On 9/18/21 5:40 AM, frame wrote:
On Friday, 17 September 2021 at 14:29:23 UTC, Steven Schveighoffer wrote:

Looking at that signature, it does not appear that it uses zero-termination at all, as it takes a length. So using `dup` and therefore the gc is totally unnecessary.

I'm assuming that string is the barcode argument?

No, the string appears inside the C-function. I'm calling the function with .ptr and the .length property as it expects.

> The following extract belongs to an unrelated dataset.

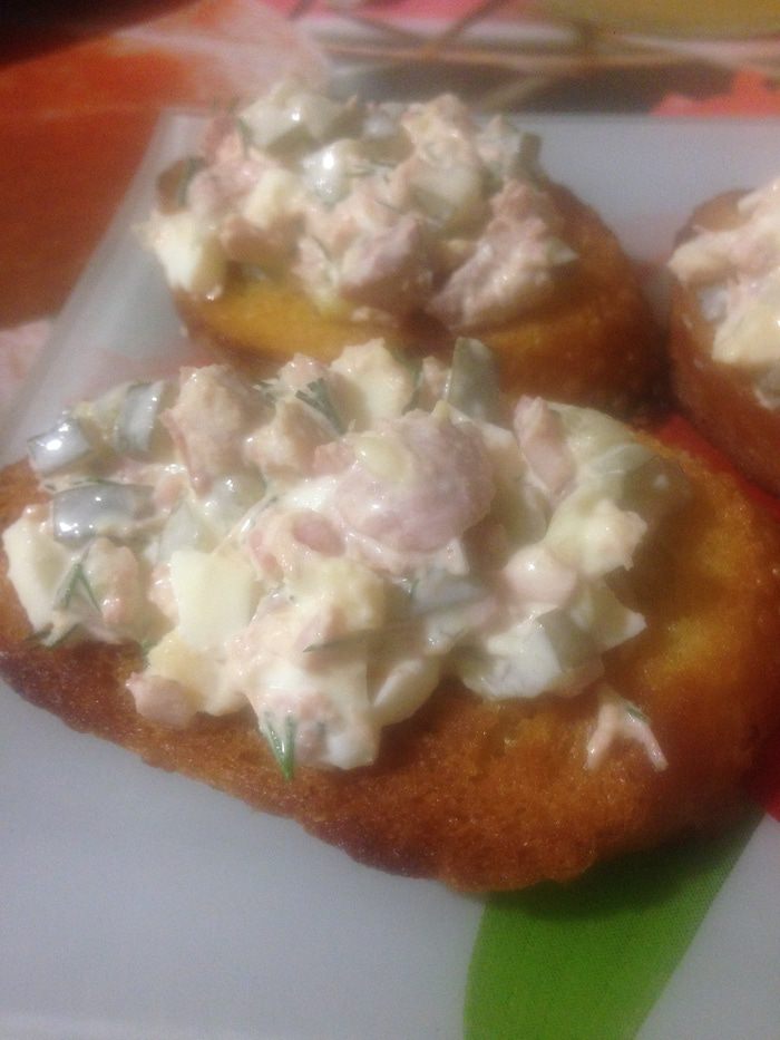 Выкладываем нашу закуску на багет. Его предварительно можно натереть чесноком. Приятного аппетита!

Oh wow, I totally misunderstood what you are doing. I thought you were *calling* that function, but you are *reimplementing* that code in D.

Have you tried:

```d
const(char)* s2 = "...";
```

This will work because string literals are zero terminated and implicitly castable to `immutable(char)*`, which will also implicitly cast to `const(char)*`.

That should allow s2 to be reassigned but not modify the data. IIRC, string literal data even in C is put into a read-only section by many compilers, so the code shouldn't be changing it.

Now that I understand what you are doing, it becomes clear that this isn't a situation of C code being called. Or are you calling other parts of the C library with that translated function?

The first rule of porting -- just translate, don't change anything. I would try to do exactly what C does without using the GC at all. Continue to use malloc/free. If you have issues with type representation, you may need to adjust for that.